Fig. 6. Xenopus TCF3 binds to the distal Tcf-motif in the myf-5 gene in vitro. The DNA fragment from position −4739 to −4761 of the Xmyf-5 genomic DNA clone was radiolabeled and then incubated with nuclear extracts from midgastrula (stage 12.5) embryos. (A) A DNA–protein complex (C) was resolved by gel electrophoresis, which is marked by an arrow. The formation of this complex was inhibited by pre-incubation with unlabelled competitor DNA of wild type sequence (WT), but not by pre-incubation with point-mutated TCF-binding site (Mutant). The numbers above the gel indicate molar excess of unlabelled competitor DNA over labeled DNA probe. (B) Nuclear extracts from myc-tag Xtcf3-injected embryos form a DNA–protein complex (C) with the same mobility rate as nuclear extracts from un-injected embryos (Non-injected). Pre-incubation of the Xtcf3-injected extracts with Anti-myc-tag antibody, but not with unrelated IgG, produces a supershift complex (C*). No supershift complex was formed in extracts from un-injected embryos, irrespective of the antibody added.

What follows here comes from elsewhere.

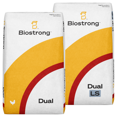 Biostrong™ Dual and Biostrong™ Dual LS (non-gmo) combines the power of two solutions – postbiotics and essential oil compounds (EOCs) – known for their beneficial effects on meat bird performance.

Fig. 7. Positive Wnt input into Xmyf-5 expression. One hundred picograms of Frzb mRNA or 50 pg Lef1-EnR mRNA were microinjected laterally into one blastomere of 2-cell stage embryos. Embryos were processed for whole mount in situ hybridization at stage 12 with antisense myf-5 (A–C) or at stage 11.5 for GFP (D) probes. All embryos are shown in vegetal views with the dorsal/anterior side pointing up. Uninjected control embryo shows the normal Xmyf-5 expression pattern (A). Xmyf-5 activity in the dorsal–lateral mesoderm was reduced where Frzb (B) or Lef1-EnR was injected (C). In δTcfGFP transgenic embryos, GFP expression was locally abolished at the site of Frzb-injection (D). The asterisk demarcates weak blue staining for nuclear galactosidase, whose RNA was co-injected as lineage tracer.